DATA:
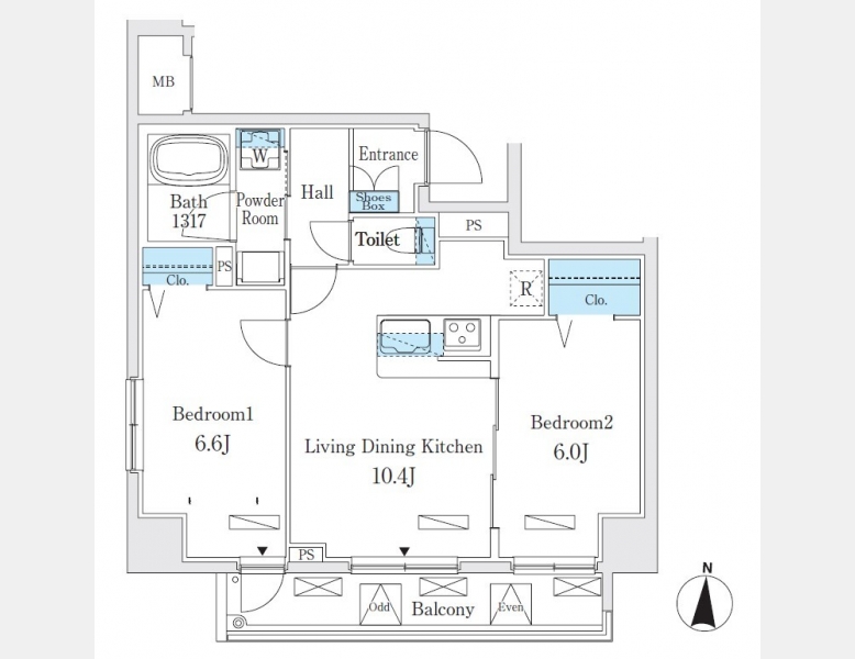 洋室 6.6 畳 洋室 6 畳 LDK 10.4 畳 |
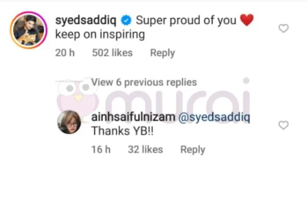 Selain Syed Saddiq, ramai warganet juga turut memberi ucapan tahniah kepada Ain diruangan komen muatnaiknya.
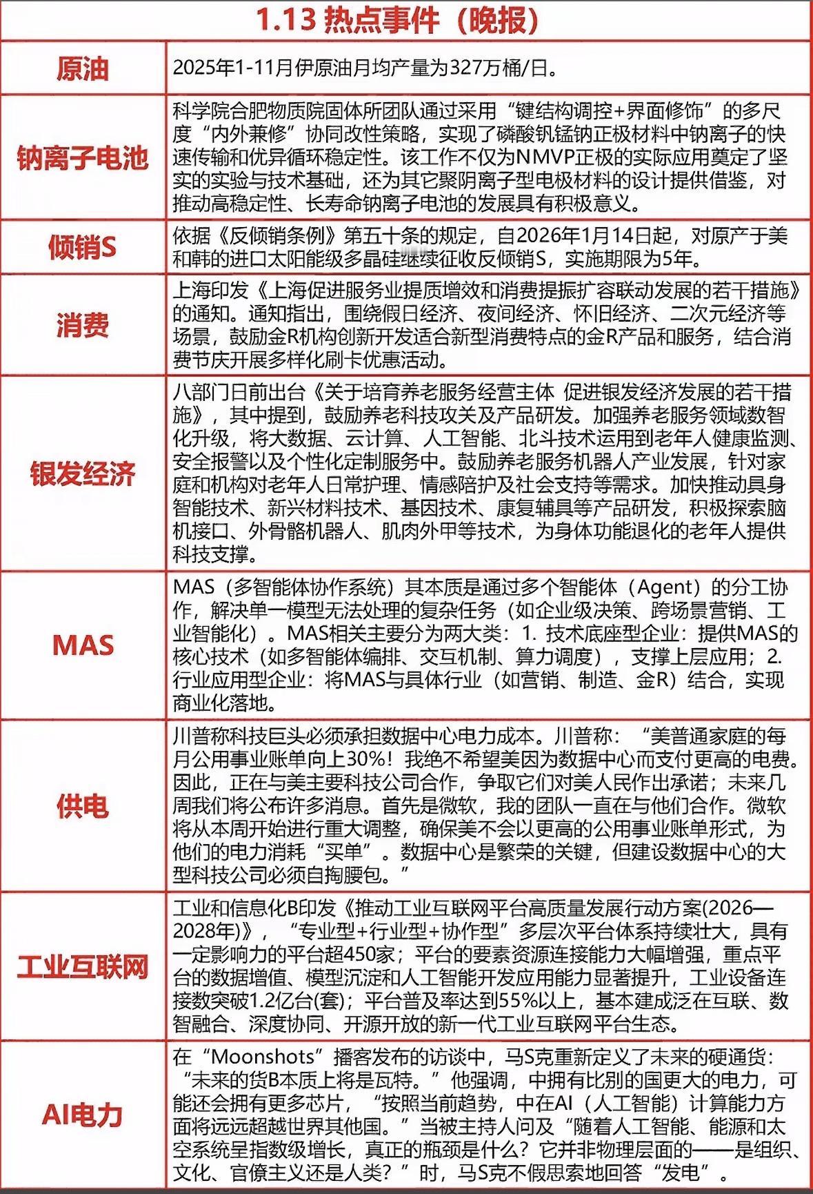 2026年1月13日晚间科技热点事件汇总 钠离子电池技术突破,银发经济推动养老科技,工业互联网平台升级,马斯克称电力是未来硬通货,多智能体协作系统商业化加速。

YOUR OBJECTIVE:
An exact reproduction of the material above is needed, without its pictures.

TASK RESPONSE:
 洋室 6.6 畳 洋室 6 畳 LDK 10.4 畳 |
 Selain Syed Saddiq, ramai warganet juga turut memberi ucapan tahniah kepada Ain diruangan komen muatnaiknya.
 2026年1月13日晚间科技热点事件汇总 钠离子电池技术突破,银发经济推动养老科技,工业互联网平台升级,马斯克称电力是未来硬通货,多智能体协作系统商业化加速。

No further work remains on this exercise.